1. Access Control Matrix (ACM)

At a basic level, access rights can be defined individually for each combination of subject and object simply and object simply in the form of a table. The access control matrix is an abstract concept and not very suitable for direct implementation if the number of subjects and objects is large or if the sets of subjects and object change frequently.

2. Capabilities

There are two fundamental options for implementing an access control matrix. Access rights can be kept with the subjects or with the objects. In the first case, every subject is given a capability, an unforgeable(不可伪造的) token that specifies this subject's access rights. This capability corresponds to the subject's row in the access control matrix

Disadvantage

• It is difficult to get an overview of who has permission to access a given object
• It is difficult to revoke(撤销) a capability - either the operating system has to be given the task or users have to keep track of all the capabilities they have passed on

3. Access Control Lists (ACL)

• Less memory used
  • Stored with a file and quick to access
  • but:
    • management of individual subjects is cumbersome
    • obtaining an overview of permissions is challenging
    • tedious to set this up for every subjects and objects
  • UNIX simplifies the ACL structure: User/Group/others
  • Windows extends usual rwe with:
    • take ownership
    • change permission
    • delete

Intermediate Controls

Problems of complexity are solved by indirection. This principle can be applied to access control. Intermediate layers between users and objects are introduced to represent policies in a more manageable fasion.

Groups

Users with similar access rights are collected in groups and groups are given permissions to access objects, and are thus a mean of simplifying the definition of access control policies.

Negative Permission

an entry in an access control structure that specifies the access operations a user is not allowed to perform.

Policy Conflict

In the above image, the negative permission given to u3 contradicting the positive permission given to group g1, and thus an example of policy conflict.

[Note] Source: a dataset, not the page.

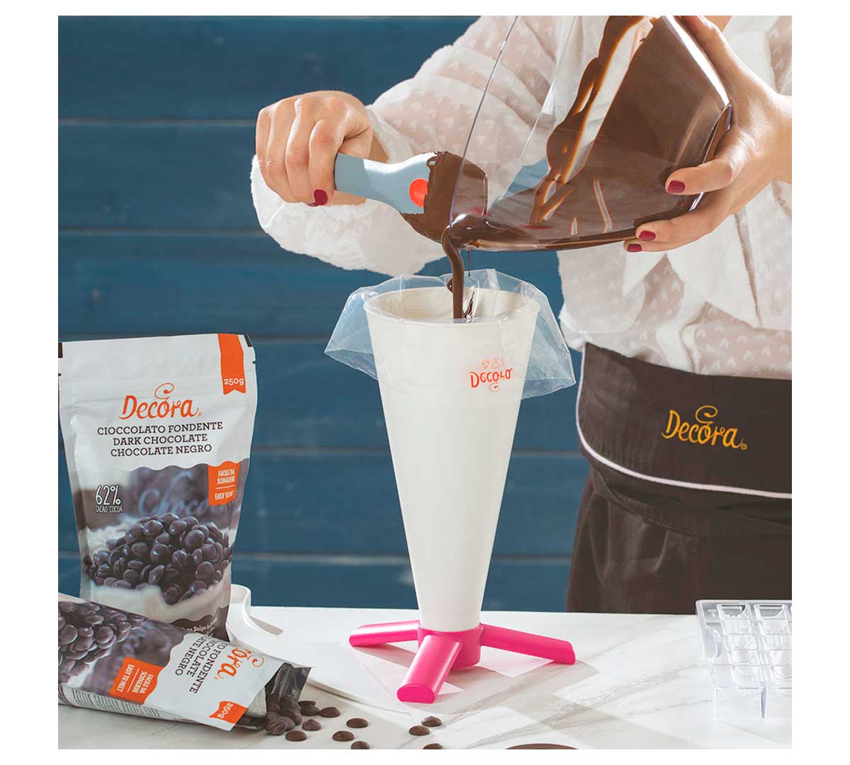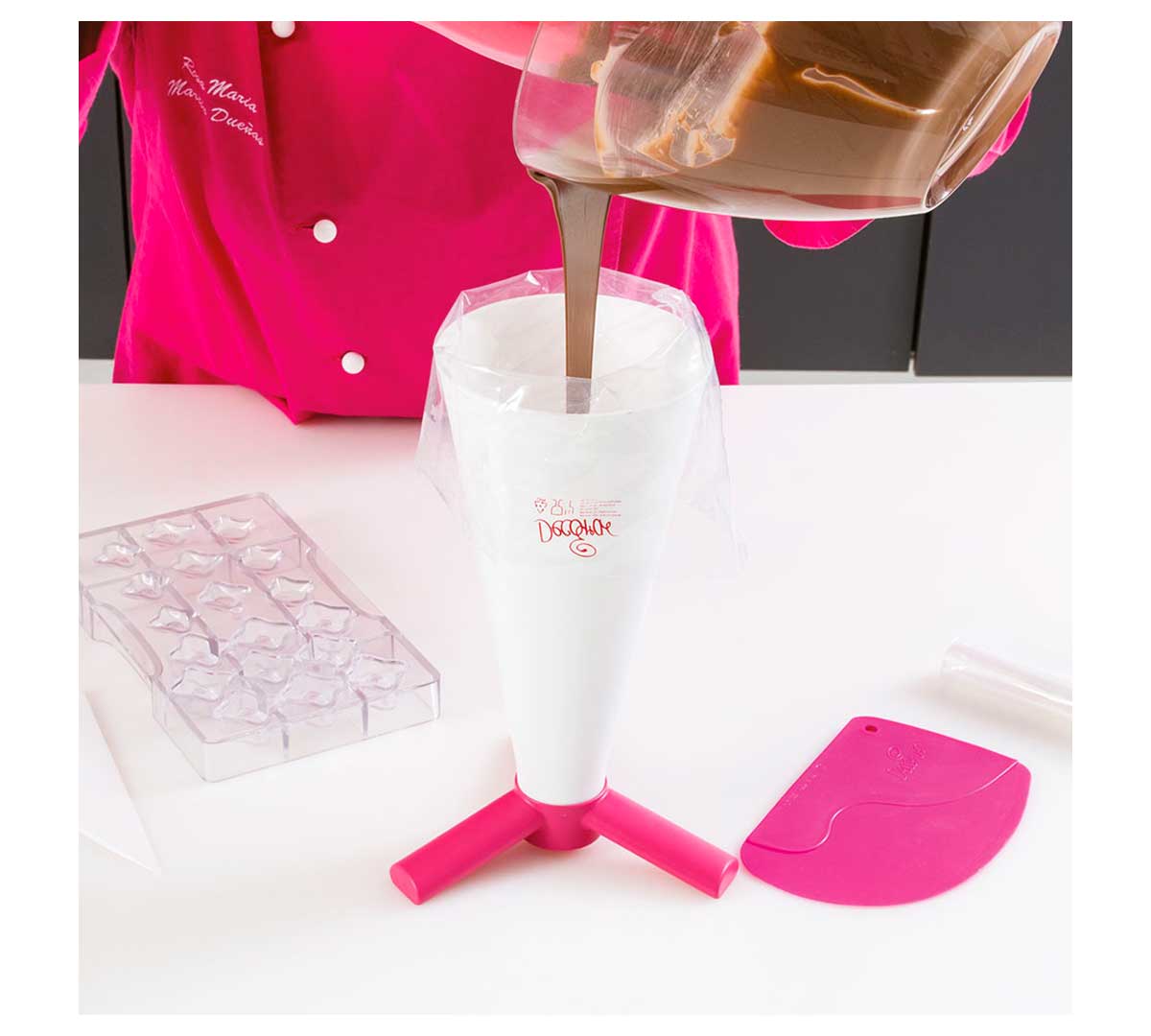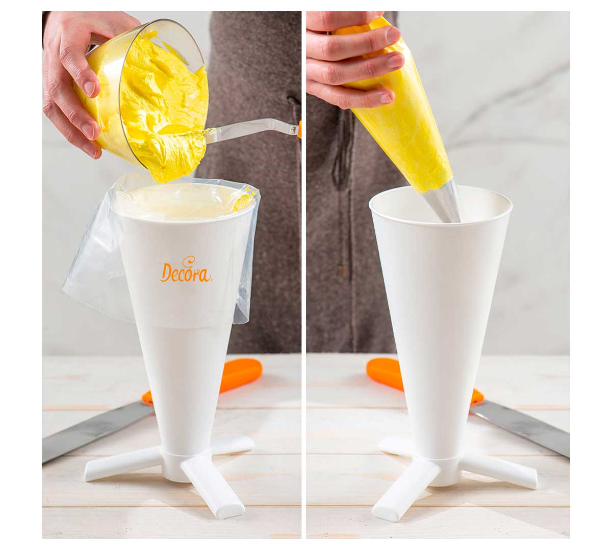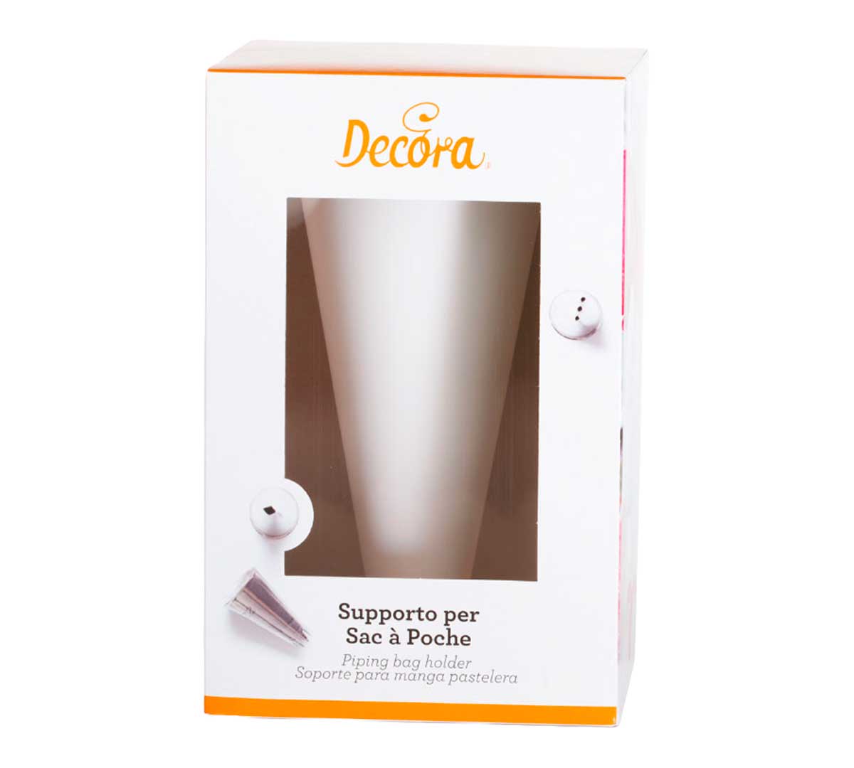 El Soporte para Manga Pastelera 9271045 Decora pertenece a la gama de utensilios básicos de pastelería profesional de la marca, pensado para optimizar el flujo de trabajo y mantener la manga siempre lista para su uso.
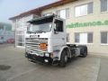 A white semi-truck with a black grille and orange license plate is parked in front of a building with a green sign that reads 'RELIANCE'. The truck has a large black cab and a flatbed trailer. The building has multiple windows, and there is a car parked to the left of the truck. | Scania 93, 1998, Dragbilar | 81c948e671eead619f59bac69b56dc5c2a990311ba45e74de5cc7293904b1174 | 000910708736 | 0 | 0 | 53 | 4 | 0 | 0 | |

• Can be resolved by reference monitor
  • e.g., a simple and widely used algorithm is just process the first entry matching in ACL(Access Control Lists) and ignore the later entries

Privileges

Privileges

A policy could refer to the operationss a user is allowed to execute. Privilege stands for the right to execute certain operations

• Usually associating with operating system functions

Robe-based Access Control (RBAC)

Compared with ACL: Identity-based Access Control (IBAC)

• Access is based on a role, e.g. accountants should access certain financial files
  • role -> collection of application specific operations or resource access
    • Difference with group and role:
      • group are collections of users
      • roles are collections of permissions
  • RBAC focuses on users and the jobs they perform
  • Easier to scale and applicable to large networks and organizations (enterprise level)
  • Most operating systems are user/group based, so role-based access can be provided using nested groups

Protection Rings

protection rings

Protection rings are a particularly simple example of an intermediate layer of hardware-based access control for subjects and objects. Each subject (process) and each object is assigned a number, depending on its 'importance'.

Access control decisions are made by comparing the subject's and object's numbers

Comparing Security Attributes

When evaluating a security policy, he reference monitor compares the access rights granted to the subject with the access rights demanded by the policy.

Partial Ordering

A security policy might grant access to an object if the object label is \(\le\) subject label

Considering the above example, the department creates a group Year_1 for first year students to manage access for resources specifically dedicated to them. There is also a group Year_2 for second year students, Year_3 for third year students, etc. The group of first year students would be contained in the group of all students, but there is no such relation between group Year_1 and Year_2. By using Hasse diagrams (a graphical representation of partially ordered sets in the above image), the edges in the diagram give a seleton of the partial ordering, which is \(a \le b\) if and only if there a path from a to be.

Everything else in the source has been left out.